Сны инкуба - Страница 20
Он кивнул, обойдя островок. Теперь нас ничто не разделало, кроме того, что я все ещё стояла, прислонившись к шкафу, а он остановился у края островка. Тяга сократить расстояние, забросить руки вокруг его тела была почти неодолима. У меня просто руки ныли, и я их сунула за спину, прижав телом, как стоял недавно Натэниел возле джипа.

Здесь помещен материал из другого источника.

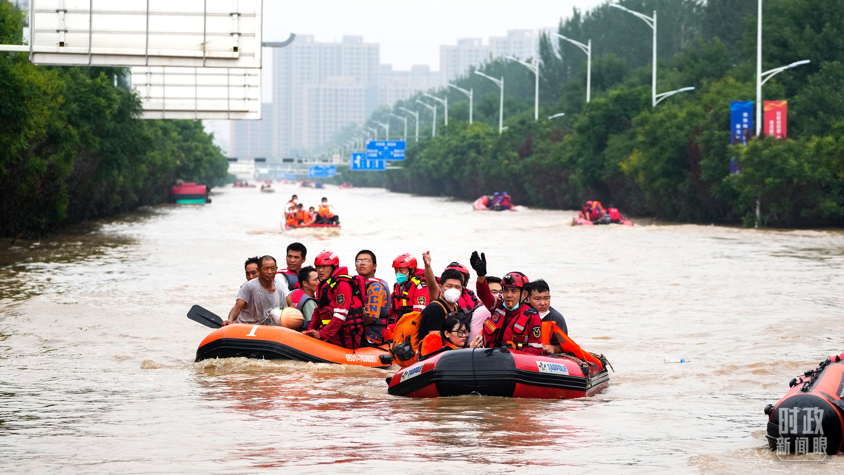△ 8月初,河北涿州居民在洪水中乘坐橡皮艇撤離。(圖/視覺中國(guó))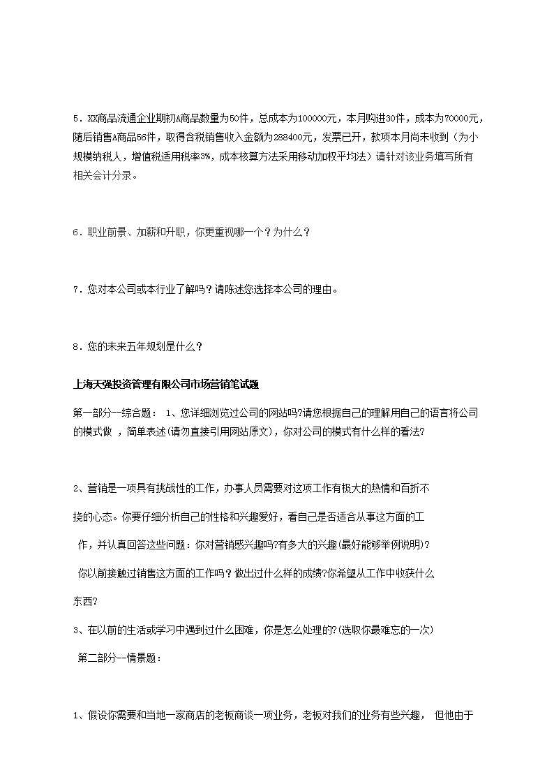 【文檔名稱】 投資公司招聘員工面試試題匯總(Word版).doc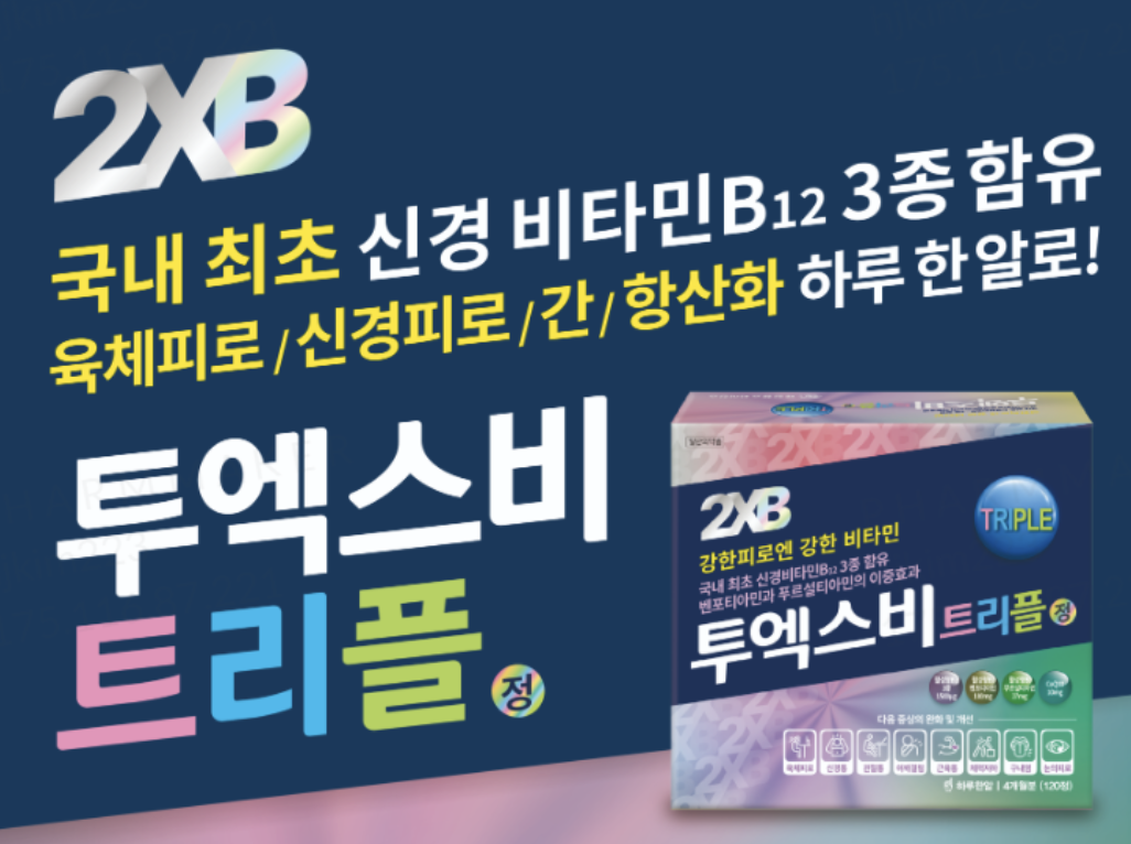 - 투엑스비 트리플은 B1, B2, B6, B12 등 대부분 비타민B 계열을 활성형과 병행해 파워풀하게 구성했습니다.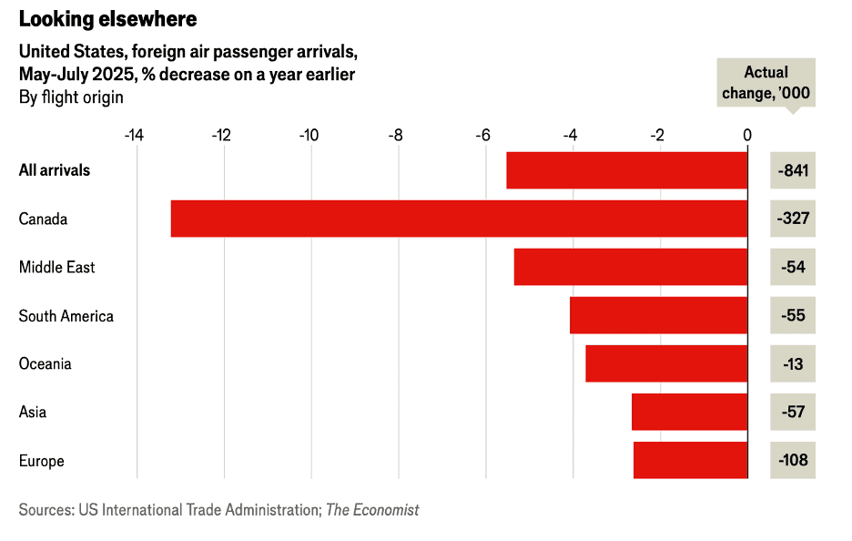 Have foreign tourists really avoided America this year?  Using monthly data on arrivals at all airports from America’s International Trade Administration, a government agency, The Economist finds that foreign arrivals at American airports are down by 3.8% compared with 2024, or 1.3m fewer people. The slump was steepest between May and July, when arrivals fell by 5.5% year on year. That bucked the global trend as tourism finally recovered to pre-pandemic levels. Travel and tourism make up around 3% of America’s gdp. But so far hotel operators have reported that higher spending by well-off domestic travellers has softened the blow.”, The Economist, August 26, 2025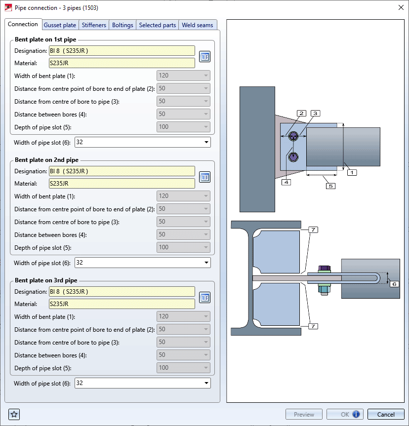 Click the Preview button if you want to display a preview of the connection based on the currently entered data. If you want to modify the current data, apply the required changes and click Preview again to update the preview. Click OK to insert the connection according to the current data and close the dialogue window. If you click the Cancel button, the window will be closed, and the specified or changed connection will not be inserted.
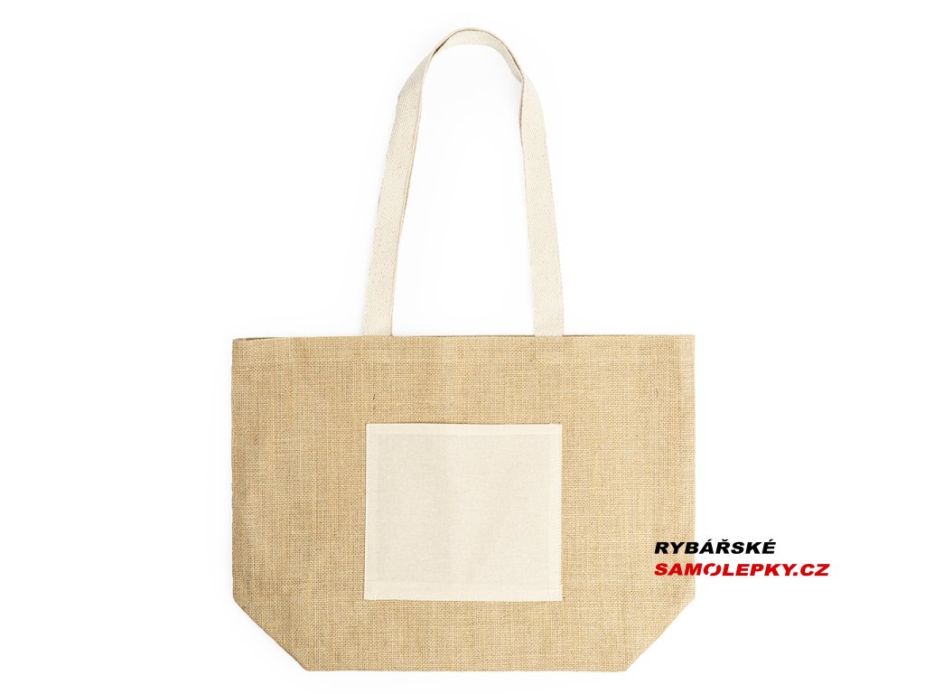Taška z laminované juty s přední kapsou a dlouhými uchy z přírodní bavlny.Doplňkové parametry
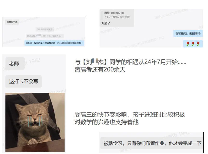 我与刘*杰初次相识是在2024年7月,作为高三学生的家长,在与刘*杰妈妈的首次电话沟通中,我能深切感受到她的焦虑情绪——距离高考仅剩一年时间,妈妈迫切希望孩子的数学成绩能实现提升,更盼着他能把该掌握的知识点全部吃透。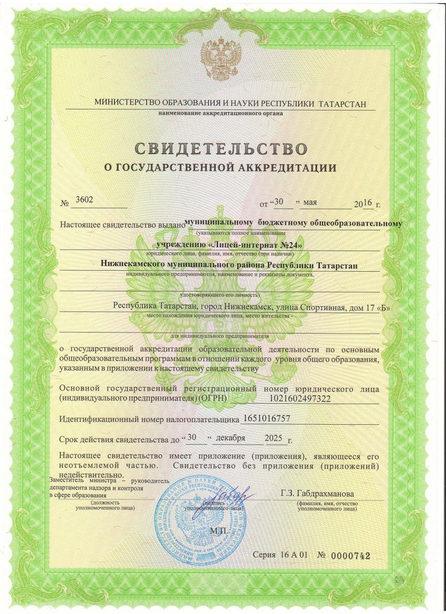 Муниципальное бюджетное общеобразовательное учреждение «Лицей-интернат №24» Нижнекамского муниципального района Республики Татарстан / Татарстан Республикасы Түбән Кама муниципаль районының «24 нче лицей-интернат» муниципаль бюджет гомуми белем бирү учреждениесе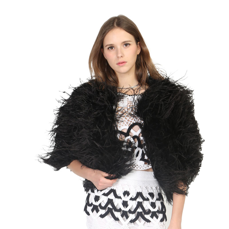 Designed for designers, stylists, and upscale fashion houses, this real ostrich feather shawl in classic black brings depth and versatility to any high-end wardrobe. Crafted from naturally soft and airy ostrich plumes, it balances lightness with statement volume. The dramatic silhouette complements both minimal and maximalist aesthetics.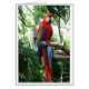 Een sjalot ara tegen een achtergrond van grote groene boombladeren. Ook gekend als de Rode en Gele Macaw, zijn deze luide grote rode vogels erg om naar te kijken! Geweldig fotografisch ontwerp voor elke papegaai, vogel of ara fan!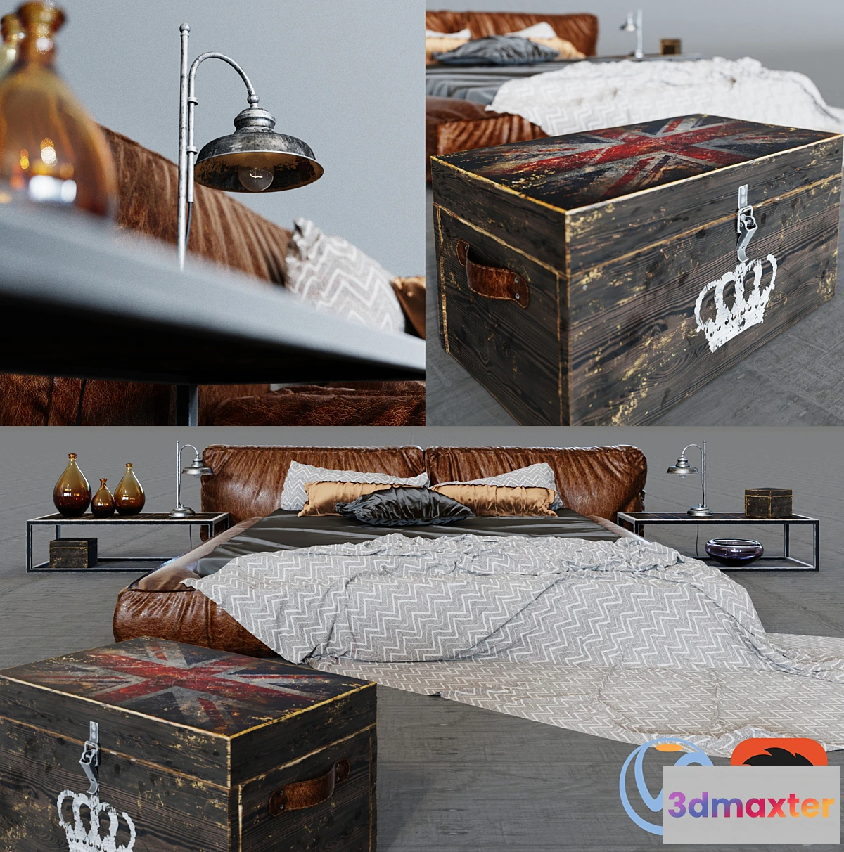 Complete set of archive: Files Vray max2012 + Corona + FBX Bed Manufacturer Illini lamp VR.TEREZA Favel Chest BRITISH LOFT Vase Amber Loft Bed pillows Tables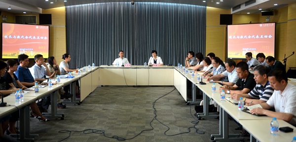6月22日,校工会召开校长与教代会代表互动会,校领导朱自强、柯勤飞以及相关部门负责人出席会议,围绕学校中心工作,与30位校教代会代表团团长及部分代表进行面对面互动交流。副校长、校工会主席柯勤飞主持会议。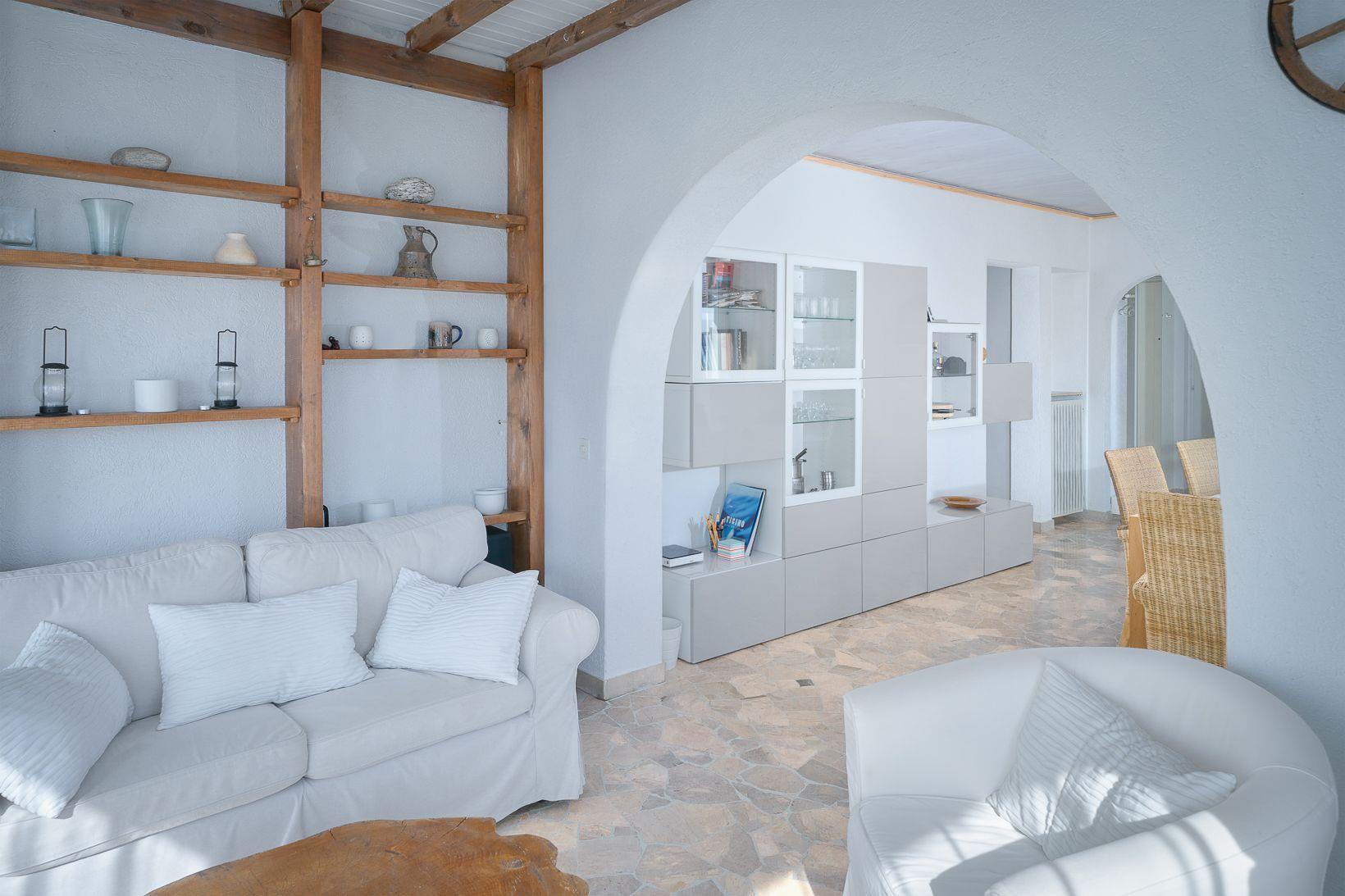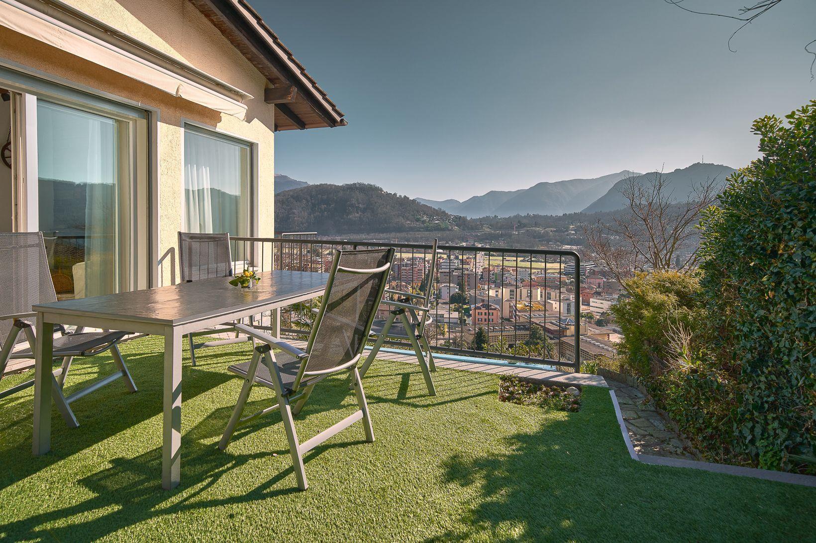 Das Obergeschoss öffnet sich zu einem einladenden Wohnbereich, in dem der Esstisch und das gemütliche Wohnzimmer mit einem atemberaubenden Blick auf den Luganersee begeistern.

— Заигрывать я очень люблю. — Бледные пальцы скользили по краю островка, нежно, медленно, будто он чего-то совсем другого касался. — Но нам не разрешают секс на работе, хотя многие об этом умоляют.
Изумрудная радужка ширилась, поглощала зрачки, и он глядел на меня двумя зелёными огнями. Сила Дамиана плясала по моей коже, от неё перехватывало в горле дыхание.
И голос у меня слегка дрожал, но я набралась твёрдости, пока говорила, и наконец смогла почти нормально произнести:
— У тебя, Дамиан, есть моё разрешение встречаться, трахаться, что тебе захочется. Ты можешь иметь любовниц, Дамиан.
— И куда же мне их водить?
Он прислонился к островку, скрестив руки на широкой бледной груди.
— В смысле?
— У меня гроб в твоём подвале. Достаточно, но вряд ли романтично.
Я от него готова была услышать что угодно, но только не это.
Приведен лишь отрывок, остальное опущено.